Fight continues against controversial Texas social media law

Last week, a federal appeals court reinstated a controversial Texas law that prohibits major social media companies from moderating user content based on their views.

The legislation was previously on hold due to a lawsuit by technology advocacy groups NetChoice and the Computer and Communications Industry Association, which claimed the legislation violated First Amendment rights.

Now that the legal challenge has been resolved, Texas residents can sue social media companies like Facebook and Twitter for censoring their content.


“The bottom line right now is that it was reinstated without any court rulings ruling on the constitutionality of the law,” said David Greene, senior attorney and civil liberties director for the Electronic Frontier. Foundation (EFF). “The only decision we have so far is from the trial judge who initially ruled it unconstitutional.”

However, the appeals court has yet to rule on the law’s constitutionality, which raises a key question.

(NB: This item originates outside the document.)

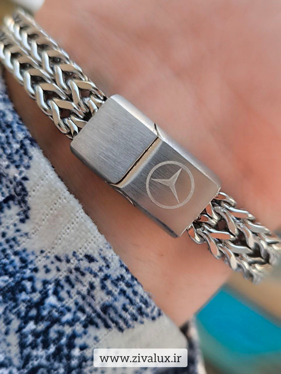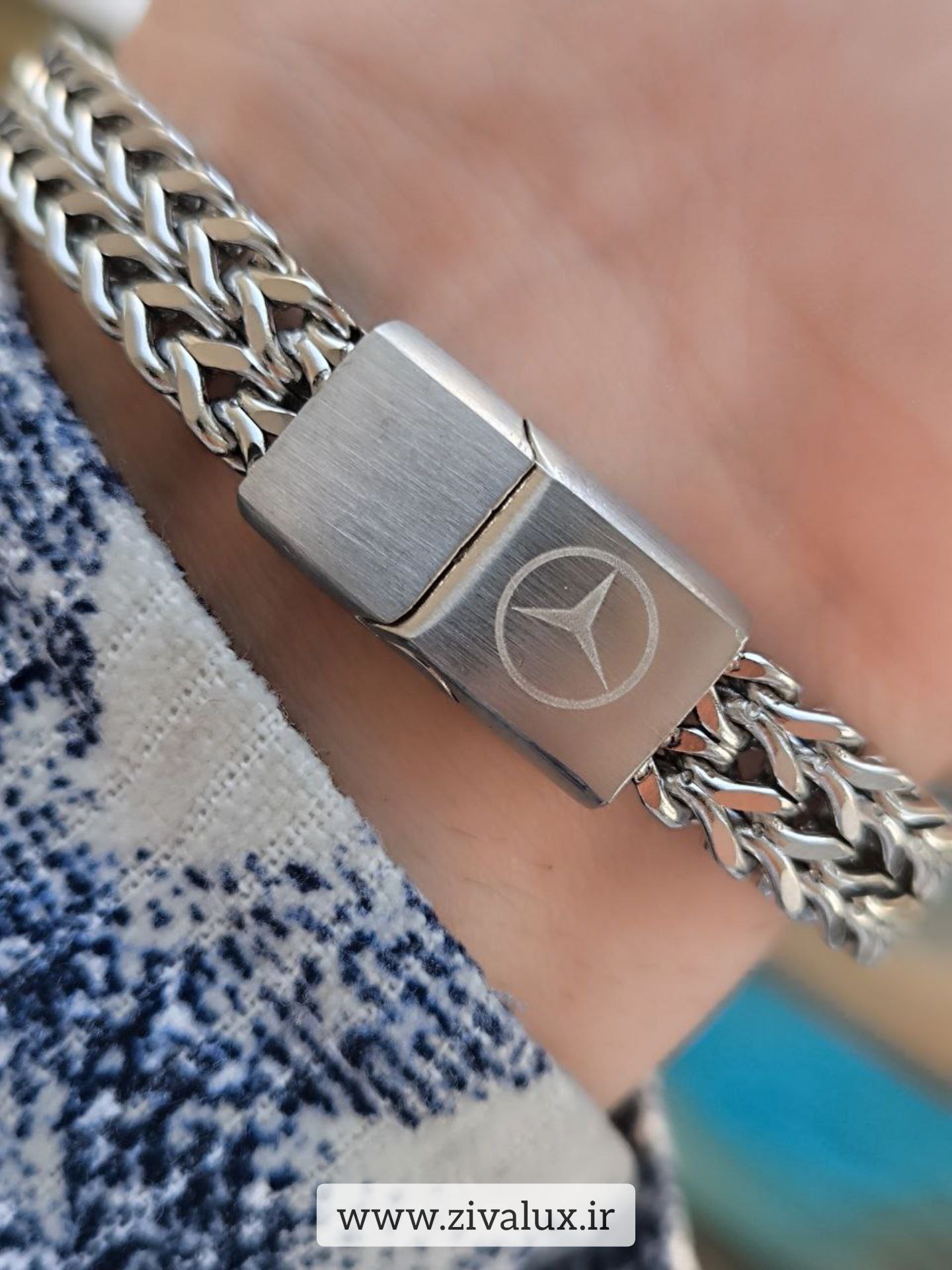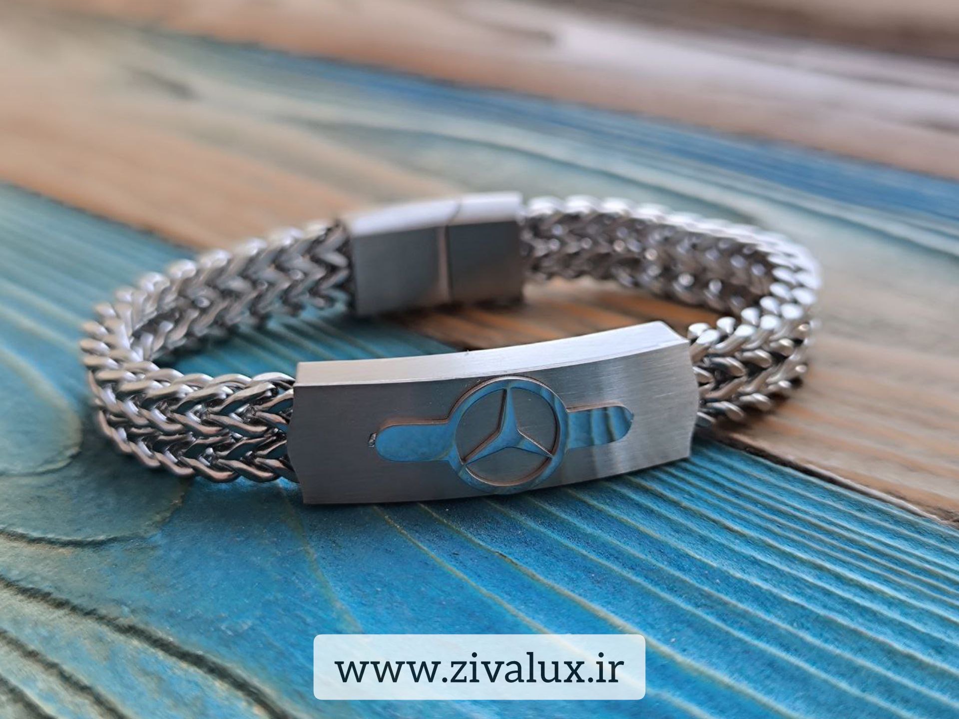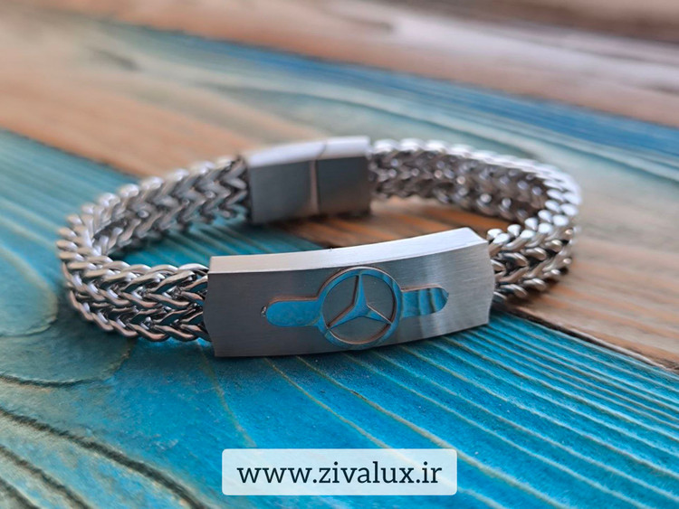 دستبند بافت مردانه استیل طرح بنز BENZ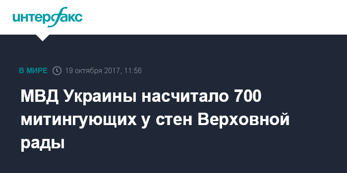 "По состоянию на 11:00 в мероприятиях у Рады участвует около 700 лиц", - сказано в сообщении МВД Украины в микроблоге Твиттер в четверг.

“It’s just bad legal process,” Greene explained. “If you’re going to enforce a law, you have to release a written explanation of why that’s the case; that’s not how the process is supposed to work.”

As a result, the EFF, the American Civil Liberties Union (ACLU), the ACLU of Texas, the Reporters Committee for Freedom of the Press, the Center for Democracy and Technology and other advocacy groups have filed demands with of the Supreme Court of the United States to issue an emergency order. to block the lower court’s decision.

“If this content moderation law is allowed to go into effect, it would go against the precedent set by the Supreme Court in protecting editorial discretion, and it could wreak havoc on the user experience. on social media,” said ACLU attorney Vera Eidelman. Speech, Privacy and Technology Project says via email. “We urge the Supreme Court to block this unconstitutional law and protect the First Amendment rights of publishers around the world.”

One of the ways the bill could impact the experience of social media users is through an increase in harmful speech online.

“While large-scale content moderation is difficult to achieve, it blocks content that some users don’t want to see, such as personal abuse and harassment, hate speech, promotion of suicide and self-harm, and the glorification of Nazi ideology,” EFF said in a statement.

Now that the legislation is in effect, all view-based content moderation practices will have to be ignored or modified to fit within the parameters of the bill, the EFF statement explained.

But not all aspects of the bill are so simple or easy to understand.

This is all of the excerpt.